"I feel funny..." Helping Kids Process Grief.

“I feel funny.” This has been the catchall phrase that my oldest daughter uses to describe the way she feels, when she can’t pinpoint exactly how it is that she feels. She only knows that emotionally, she’s doesn’t really feel well. She feels “funny.” At one point, she drew out what feeling funny meant. She drew a picture of three faces, one sad, one mad, and one scared. I asked her what each of the three faces needed. She said one needed a glass of water, one needed a hug, and the other needed a kiss (translation-love). She has fears about me dying, about her dying, and sadness over her dad’s death… She just turned 5 years old, and although it’s been nearly 3 years since her father’s death, at each stage in her life, I have watched her process and integrate what the loss means to her.

 

I’ve learned that the most important and effective thing I can do is be a loving presence, there to listen without imposing my worry or guilt about her feelings (and therein lies the work for me)… I can reassure her that what she is experiencing is natural given the nature of what she has experienced. I let her know that she is not all alone in her fears and sadness, that these are universal experiences, and a part of grieving. And that all kids who have lost a parent in their life, will no doubt have lots of questions and fears about death, and sadness over the loss.  I’ve also found that creating time and space just to explore and understand her feelings has been really helpful. I answer questions about death as honestly and simply as I can (at an age appropriate level). I have a wonderful grief workbook called, Grief Encounter, by Shelley Gilbert, for children to do with their parents that has been an incredible resource. And for the past several weeks, we have been working on it on her days off from preschool, when her little sister is napping. Also, I encourage her to creatively express herself (what does "feeling funny" look like?), through the medium that she prefers most, ie drawing, painting, dancing, writing, so that she has a healthy outlet for her feelings and experiences.  I also encourage her to call on her daddy in heaven for guidance and support during the times when she misses him and feels sad. I also encourage her to pray for extra spiritual support, and as a part of her bedtime routine, I've gotten in to the practice of saying my own heartfelt prayers aloud to model what cultivating that spiritual relationship could look like. And I find it really helpful to process whatever grief arises within me in response to her feelings, this keeps me in a centered and healthy inner-space so I can best help her. And when I told her that there are groups of kids who meet to play and share their experiences (bereavement support groups), that have all lost a parent, she was so excited. She wanted to go right then and there! So, I'll be checking into that for her next. And my youngest daughter who is nearly 2 ½ is just now beginning to ask questions about her daddy, so I'll just take it as it comes with each little one.

 

And whenever I feel stuck in how to respond to my daughter when she shares her grief, I ask myself how I would like someone to respond to me if I were experiencing fears, sadness, or anger over a death. I would appreciate emotional validation, hugs, love, reassurance, and a chance to talk about and understand my feelings so that I don’t feel lonely or stuck in them. And I trust that this is my path, this is her path, and that we will both grow through it together.

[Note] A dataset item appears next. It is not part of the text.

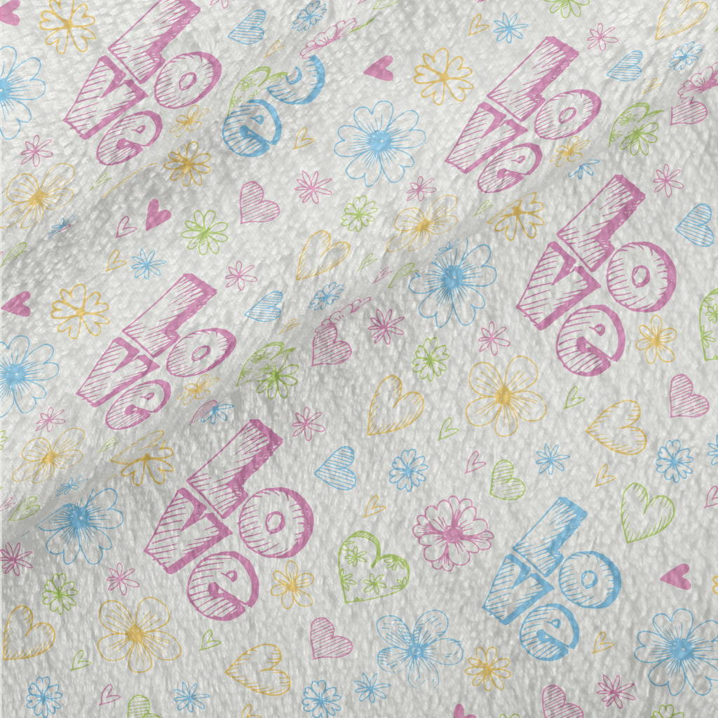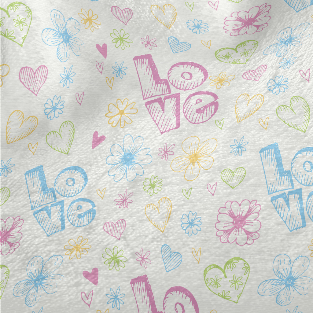 愛情英文與愛心花朵法蘭絨(幅寬150公分)

I wrote this blog almost one year ago, and am happy to share that Ava has successfully integrated the grief that she experienced so heavily last year. The methods that I describe in this blog really worked for our family!

"Where do we go when we die?" Answering the questions kids ask.

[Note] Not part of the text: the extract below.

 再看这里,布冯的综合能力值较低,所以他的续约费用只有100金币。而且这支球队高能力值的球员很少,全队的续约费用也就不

.“I don't want to die,” “I don't want you to die,” “I'm scared to die,” “Can I take my stuffed puppy with me when I die? I think Amelie will take her favorite blankie,” “I miss daddy.” The latest questions and conversations from my nearly four year old daughter. Death has become something very real in our family. It has been nearly two years since my husband died and my daughter's understanding of what it means to die changes as she gets older. In the beginning, I explained death through the spiritual lens only. Daddy is free as a bird now, he's like an angel watching over you, available to you at all times in spirit. While also being real about how sad those of us feel who are left behind, who also feel his physical absence. No daddy to hug, go on dates with, cuddle with... And then explaining that death is beautiful, we are completely free, returning to the place we left before we were born, pure love, pure light, peace, and joy. Pure God. “I can't wait to die,” she says after I explain the beauty in the transition to death. Hold on, I tell her, there is much beauty and purpose we have here on Earth before we die. And I tell her I feel like I'm not going to die until I'm old, which is truly how I feel, but then I also tell her that none of us die until it's our time, until our spirit is ready. She seems satisfied with these answers. But death is on her mind. I leave the door open for conversation. At such a tender age, feeling her way through understanding the very real questions that all of us have about what it means to live and what it means to die. To live with this truth of both our immortal and mortal reality, well, I think it helps us live more fully, with greater meaning. These are the questions people have been asking since the beginning of time... As we move through our own fears about death, we will be more prepared to answer these kinds of questions posed by our children from an honest, heartfelt space.